Get out of my house
When I used to be a heavier drinker, I never quite enjoyed myself as much as the Bacardi adverts promised. A surfeit of sex and wild abandon. Maybe even some confidently executed small talk. What I didn’t realise though was that if you swap the alcohol for the class As, you can bring all types of wankers back with you. I've lived in some real dumps and also some remarkably enjoyable cities and areas. The North of England, London and Toronto are noticeably different places. The one thing they all had in common, though, was the ability to provide any flatmate with an endless supply of tools to bring back.
Because I don’t have half of This Life’s plot devices up my arsehole, I get the sober experience. Never, in the face of such overwhelming evidence to leave the drugs alone, have I wanted to be so off my tits. Anything to blunt the experience and make sure that at least the memories were vague.
Living in London now, I’ve been exposed to a fair few drug cocks. But living in Dalston, as you may have read, means the gene pool is skewed to the Paedo Glasses Brigade. Sharing a postcode with the highest demographic of failing, unemployed (unless you’re counting part-time bar work) filmmakers, writers, actors and musicians is bad enough on weekdays, worse at weekends, but unbearable when there’s more snotty sniffing than talking. Watching someone who you know go mining K-holes every weekend just leaves you with a vague unease. Watching someone wonder why their work mistakes always come after a weekend with just one night’s sleep leaves you with unpleasant resentment.
I never really understood that sympathy was a finite resource, that your goodwill can so noticeably be exhausted, when you have to tolerate someone - clever and kind when sober - locate oblivion in the face of all reason. Just thinking of the various types of addled bruisers brought back to places I've lived, the types of clowns who end up giggling at stairs, is a tedious chore.
There’s the stoners - if religion used to be the opiate of the masses, then for a few years in the sixties and seventies, it came perilously close to being replaced by smoking a few joints and listening to The Grateful Dead. A disgraceful state of affairs, certainly, but quite relaxing nonetheless. Nowadays, it’s for wiry, chippy youngsters intent on damage, a gateway drug to carnage far worse than Byker Grove. Imagine a Richie Aprile with pre-prison vim and vigour intent on having your wallet - a terrifying thought.
"People on ketamine are much, much easier to kill than a zombie. In fact, give them a power drill and there’s every chance they’ll do it themselves."

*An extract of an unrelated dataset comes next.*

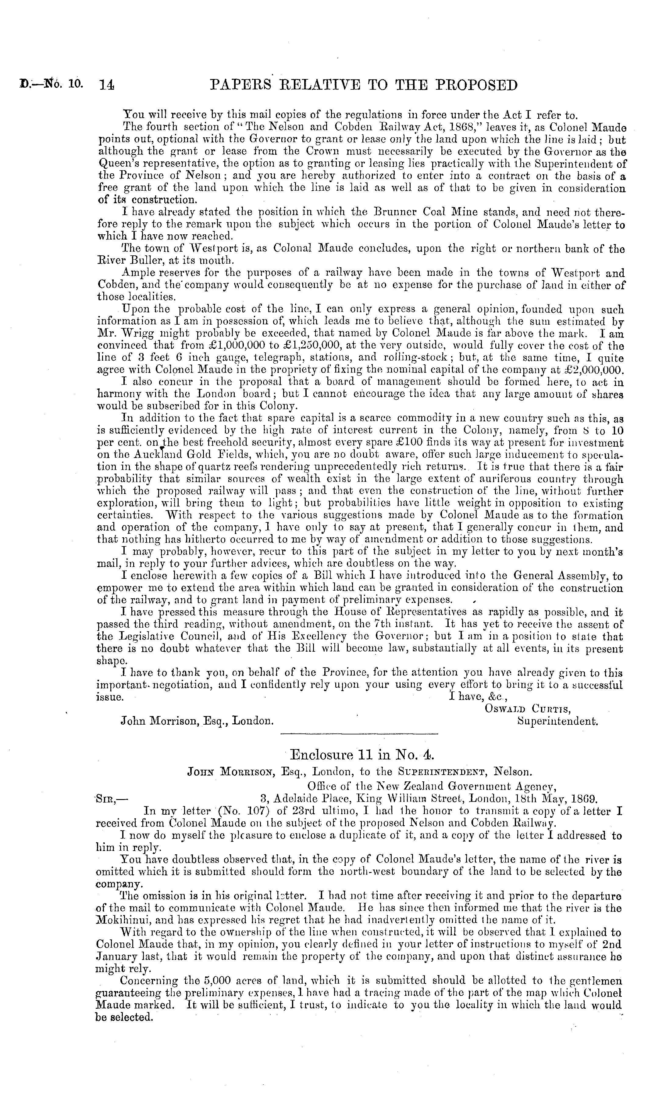 Enclosure 11 in No. 4. John Moeeison, Esq., London, to the Superintendent, Nelson. Office of the New Zealand Government Agency, Sir, — 3, Adelaide Place, King William Street, London, 18th May, 1809. In mj letter (No. 107) of 23rd ultimo, I had the honor to transmit a copy of a letter I received from Colonel Maude on the subject of the proposed Nelson and Cobden Eailway. I now do myself the pleasure to enclose a duplicate of it, and a copy of the letter I addressed to him in reply. You have doubtless observed that, in the copy of Colonel Maude's letter, the name of the river is omitted which it is submitted should form tho north-west boundary of the land to be selected by the company. The omission is in his original lstter. I had not time after receiving it and prior to the departure of tho mail to communicate with Colonel Maude. He has since then informed me that the river is the Mokihinui, and has expressed his regret that he had inadvertently omitted the name of it. With regard to the ownership of the line when constructed, it will be observed that 1 explained to Colonel Maude that, in my opinion, you clearly defined in your letter of instructions to myself of 2nd January last, that it would remain the property of the company, and upon that distinct assurance he might rely. Concerning the 5,000 acres of land, which it is submitted should be allotted to the gentlemen guaranteeing the preliminary expenses, I have had a tracing made of the part of the map which Colonel Maude marked. It will bo sufficient;, I trust, to indicate to you the locality in which the laud would be selected.

Then, there are the chaps on MDMA. I plain don’t like pill-hippies. They’re constantly declaring friendships and preaching love when their presence makes me want to do anything but. The first time I realised I was around a fair few people on ecstasy was a house party in Brixton. Now, you might say it was a mistake of me to even bother with a house party - it might as well have been purposefully constructed as Exhibit A of London’s cunt epidemic. But it certainly wasn’t a mistake of mine to severely dent everybody’s high by describing in challenging length, with provocative detail, the effects of famine on the world’s poor. The little victories.
One of the few things worse than a drugged up hippy, coming up on MDMA or down on a spliff, is a hippy in your own house. If I pay rent, I genuinely have no expectation to hear world music. Womad can piss off.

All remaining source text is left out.